05 (Figure S5A). For models constrained by both lineages, 59/66 cross-validation correlations ABT-737 nmr were significant at a threshold of p < 0.005 (Figure S5B). For 33 of these
neurons, we further explored the relationship between axial and surface tuning with an additional test (Figures 6B–6D) based on one high response medial axis stimulus, one intermediate response stimulus, and one low response stimulus. Medial axis structure was preserved while surface shape was substantially altered. For some neurons, responses to a given medial axis structure remained largely consistent across surface alterations (Figure 6B). In contrast, most neurons showed strong sensitivity to surface alterations (Figures 6C and 6D). The distribution of surface sensitivity (as measured by invariance to surface selleck products changes; Figure 6E, horizontal axis) was continuous.
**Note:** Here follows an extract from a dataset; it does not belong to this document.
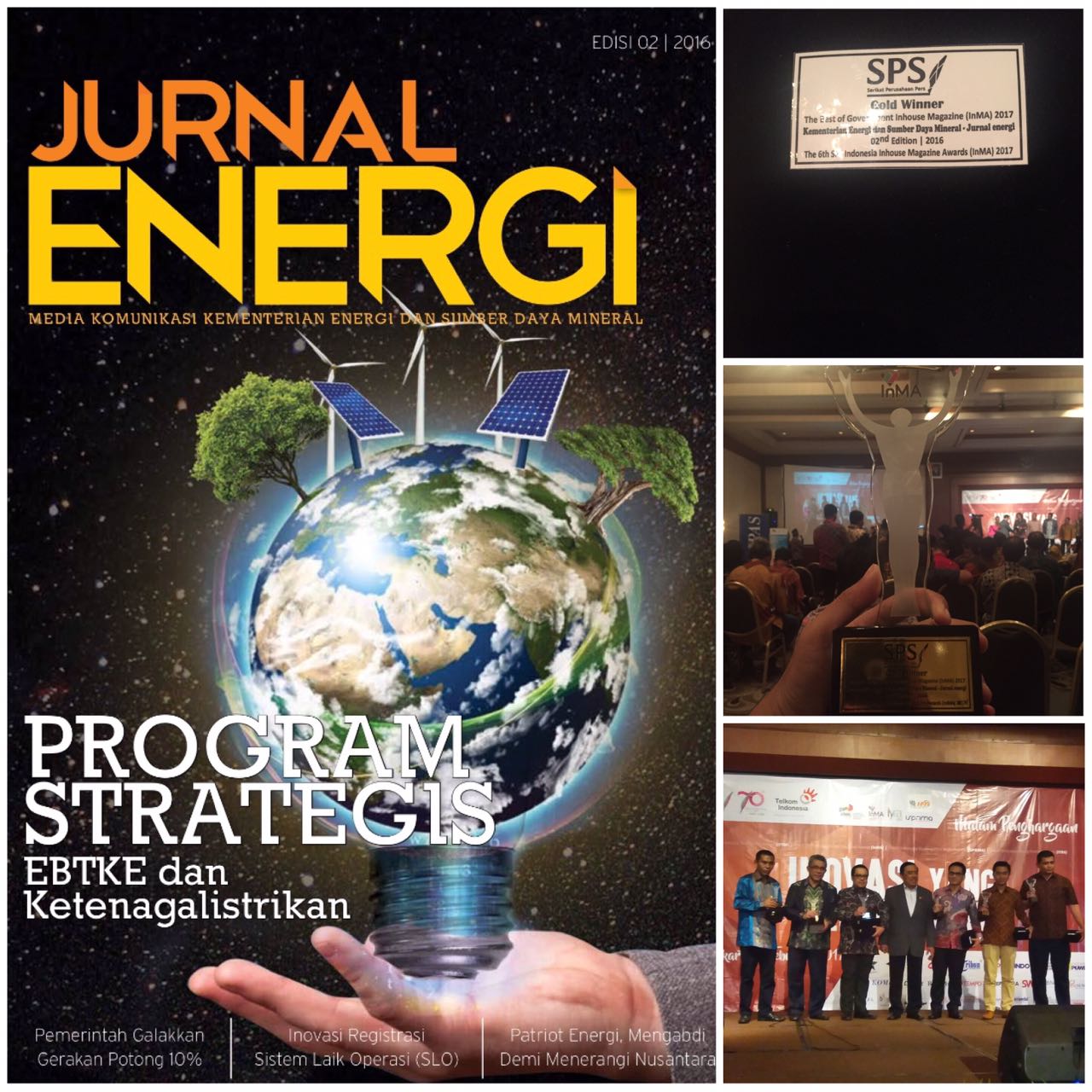 JAKARTA - Kementerian Energi dan Sumber Daya Mineral (ESDM) melalui Jurnal Energi meraih penghargaan dari Serikat Perusahaan Pers (SPS) dalam ajang the 6th Inhouse Magazine Awards (InMA) tahun 2017 sebagai "Gold Winner" media cetak internal kategori Lembaga Pemerintahan. Penghargaan ini diumumkan saat Malam Penghargaan SPS yang diselenggarakan di Hotel Millenium (3/2), Jakarta.

Even for neurons with substantial surface sensitivity (toward the left of the plot), tuning for medial axis structure remained consistent (as measured by correlation between axial tuning patterns across the different surface conditions; Figure 6E, vertical axis). The full set of 59 significant composite models (constrained by both lineages) is depicted in Figure 7. In each case, the model is projected onto
one high response stimulus from each of the two medial axis lineages (left and right), with the original shaded stimuli shown below. We identified a wide array of medial axis tuning configurations, ranging from 1–12 components, and including single and double Y/T junctions. In most cases (48/59), the surface templates were at least partially associated with the same object fragments described by the medial axis templates. Surface configuration tuning also varied widely, and this was substantiated by surface models identified for the 45 neurons studied with two surface lineages (Figure S6). It is important to note that, while these tuning templates were often complex, they did not define the entire global structure of
high response stimuli. In fact, high response stimuli varied widely in global shape, both within and between stimulus lineages (Figures 1, 4, 5, 7, and 8). Thus, individual IT neurons do not appear to represent global shape, at least in the domain of novel, abstract objects Adenosine studied here. Rather, novel objects must be represented by the ensemble activity of IT neurons encoding their constituent substructures. Object shape in three dimensions is inferred from 2D image features, including shading and 2D occlusion boundary contours (Koenderink, 1984). Many IT neurons appear to encode inferred 3D object shape (Janssen et al., 2000a and Janssen et al., 2000b), rather than low-level image features, since IT shape tuning remains consistent across dramatic changes in 2D shading patterns (produced by altered lighting direction) and is strongly diminished or abolished by removing depth cues (Yamane et al., 2008).